Tool Site: https://github.com/01org/IntelSEAPI

Intel® SEAPI is the translator of itt_notify calls into several OS specific and third party tracing formats.

  • Download (or clone) project repository files
  • Build tool. Refer to tool's site documentation how to build it.
  • Run OpenCV Application via Intel® SEAPI wrapper to collect tracing information and generate google trace file in json format:
python <IntelSEAPI path>/runtool/sea_runtool.py -o ocv-trace -f gt ! ./bin/cpp-example-application_trace
  • You can open result file (ocv-trace.pid-NNNNN.zip/.json) via Google Chrome / Chromium browser: open URL "about://tracing"

High level trace results:

images/trace-frame.png

"Process" region:

images/trace-frame-process.png

View with detailed traces:

images/trace-details.png

There is an example result file (.zip / .json) with collected Application calls traces via Intel® SEAPI tool (to play with it, just open "about://tracing" URL and load this file)

Alternative collection of trace information for custom analyzing

You can collect trace of the OpenCV calls in the compact machine-readable text form for custom analysis.

Run application with OPENCV_TRACE=1 environment variable. You will receive trace dump in a set of OpenCVTrace.txt files. You can control location and name of result trace dump files via OPENCV_TRACE_LOCATION environment variable.

You can use OpenCV-bundled trace analyzer tool: "trace_profiler.py" (located in modules/ts/misc) to get highlighted calls of your application.

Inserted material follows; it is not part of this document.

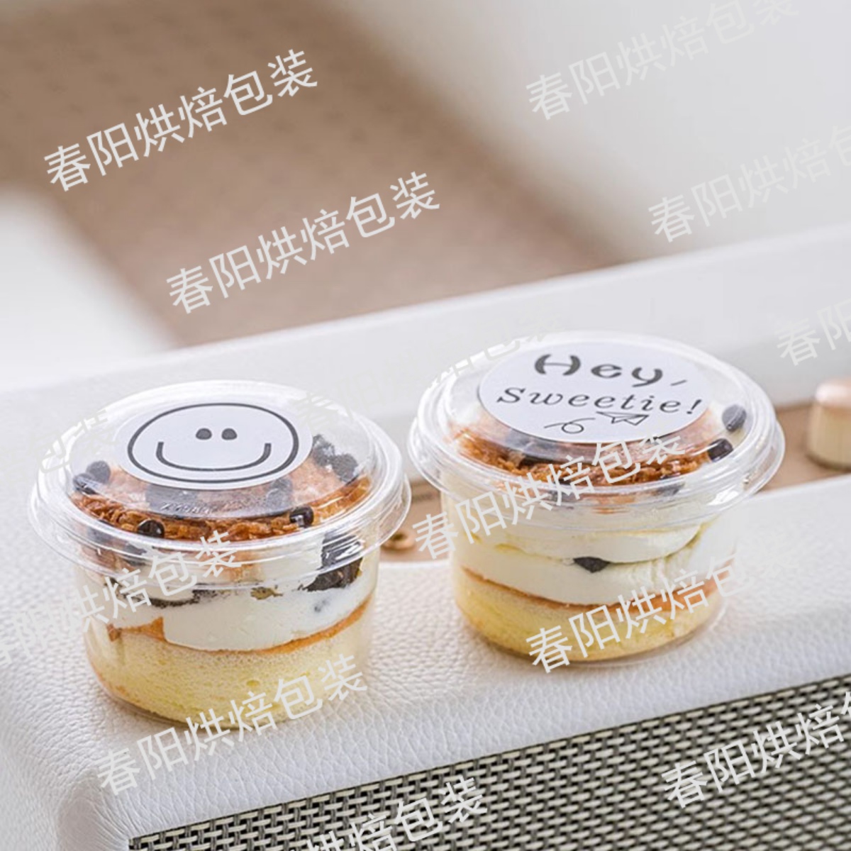 圆形慕斯杯布丁双皮奶烘焙透明一次性吸塑包装盒果冻酸奶甜品杯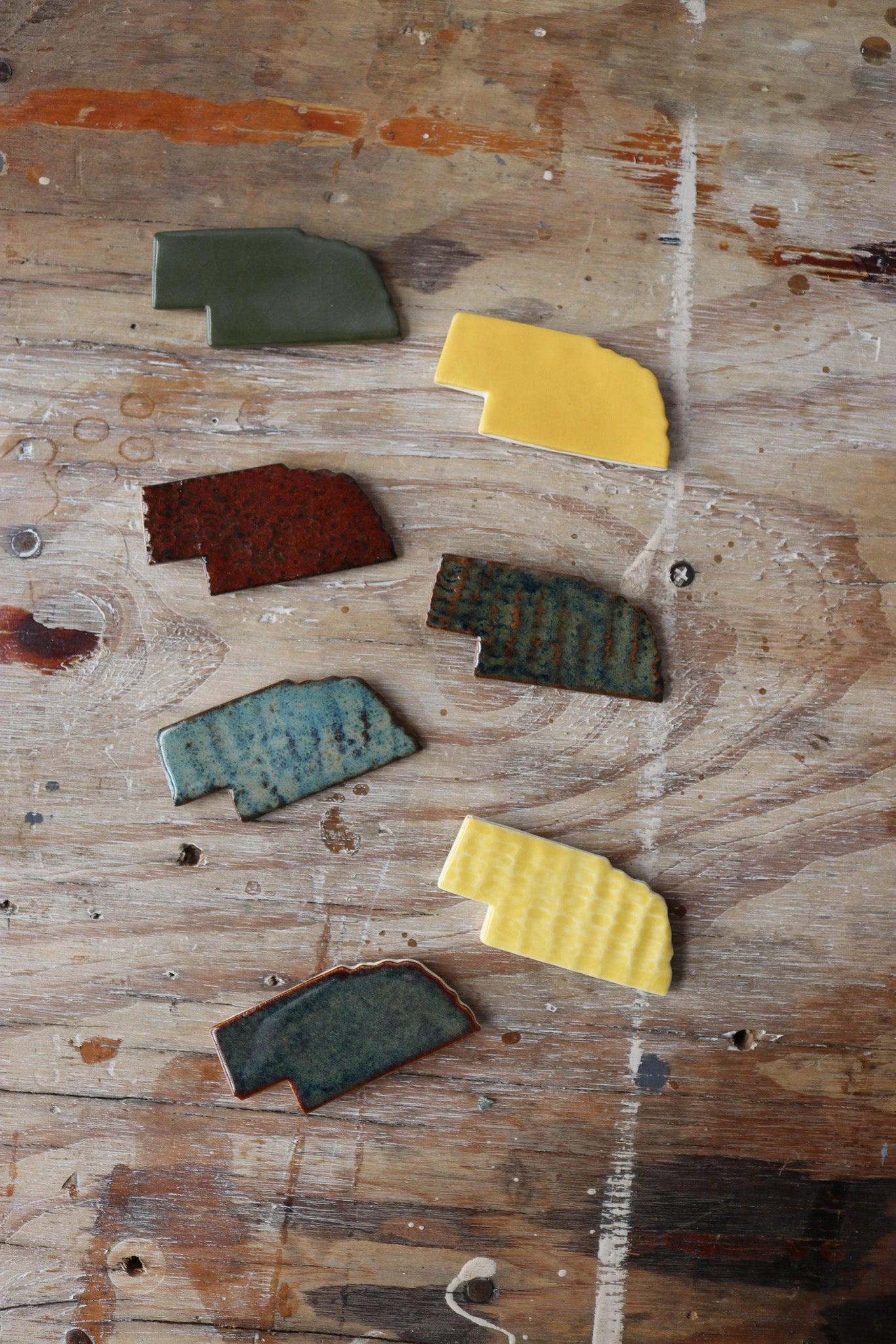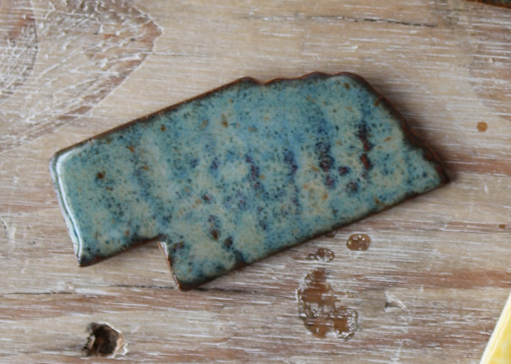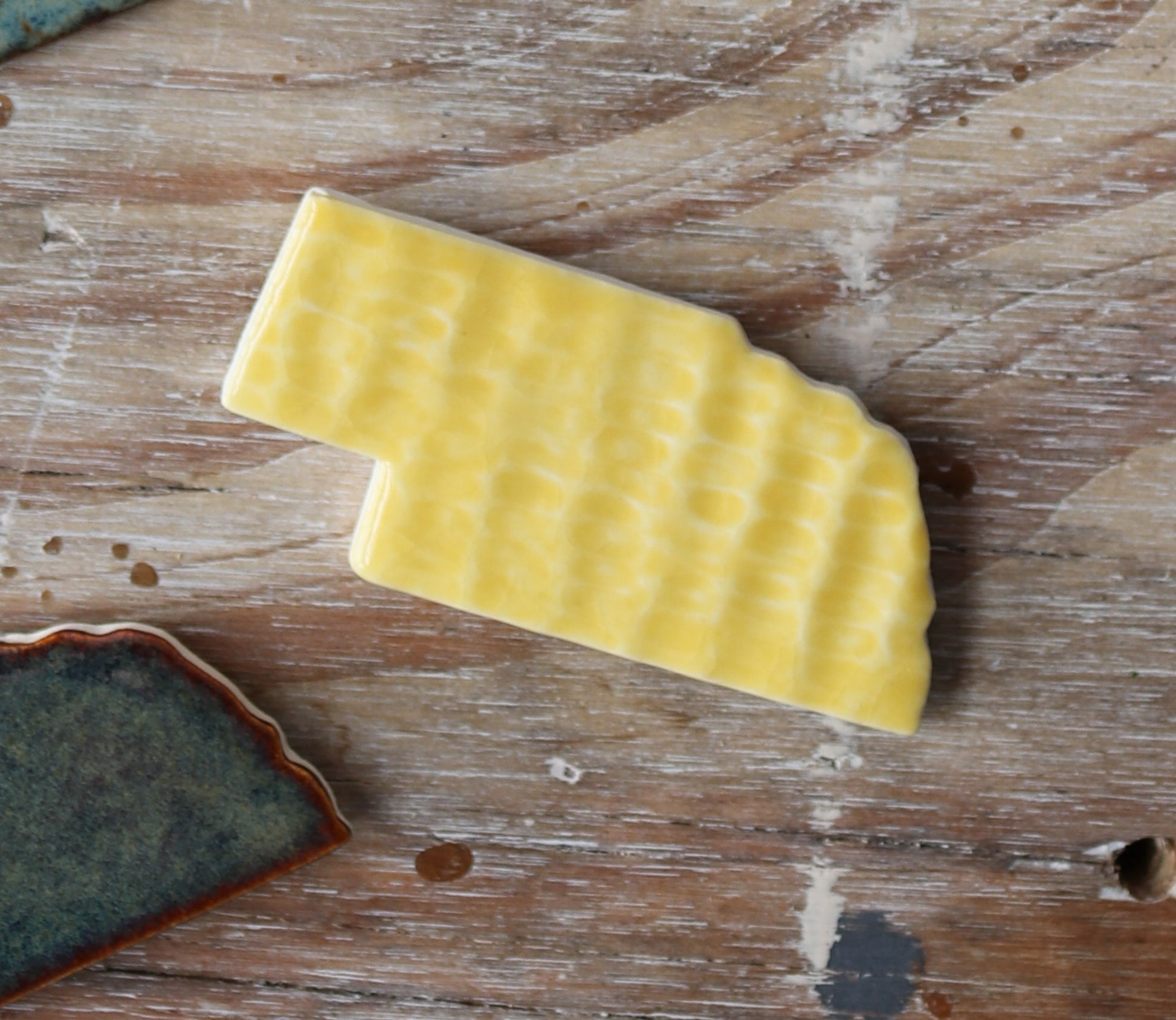 Textured items were created using an ear of corn and rolling in on the clay while it's still pliable and cutting them into the shape of Nebraska.

images/opencv-trace-analyze.png

Tracing runtime options

Runtime options can be specified via environment variables.

  • OPENCV_TRACE - enables OpenCV tracing. By default tracing is turned off. It automatically enables on active ITT backend on startup.
  • OPENCV_TRACE_LOCATION - storage path to store OpenCV trace.
  • OPENCV_TRACE_DEPTH_OPENCV - specify trace depth of OpenCV functions
    • 0 - limit is disabled
    • 1 - trace OpenCV entry points only, without inner details (default)
  • OPENCV_TRACE_MAX_CHILDREN - limit number of traced children (useful to ignore functions with large loops)
  • OPENCV_TRACE_MAX_CHILDREN_OPENCV - limit number of traced children for OpenCV calls
  • OPENCV_TRACE_SYNC_OPENCL - force clFinish calls in the end of OpenCV regions (performance impact, default value is 0)

Tracing macro list

To profile your application, you can use the following macros, the most important of which are CV_TRACE_FUNCTION() and CV_TRACE_REGION():

  • CV_TRACE_FUNCTION() - the macro is already inserted into many OpenCV functions. If you want to trace calls of your own function, put it in the beginning of the function body.
  • CV_TRACE_FUNCTION_SKIP_NESTED() - trace current function, but skip all nested regions. Use this for non-critical functions (like data load or validation) to reduce trace log.
  • CV_TRACE_REGION("myregion") - C++ scoped region trace.
  • CV_TRACE_REGION_NEXT("next_step") - change current region (in the same C++ scope). Useful to trace region consequences (step1/step2/../stepN).
  • CV_TRACE_ARG(arg) - trace argument value (or other variable). Supported double/int64/int/const char* data types. Currently tracing of argument values is supported for ITT backend only.
  • CV_TRACE_ARG_VALUE(width_id, "width", size.width()) - expanded version of CV_TRACE_ARG.

For usage example please refer to OpenCV example (application_trace.cpp) with using of OpenCV Tracing API.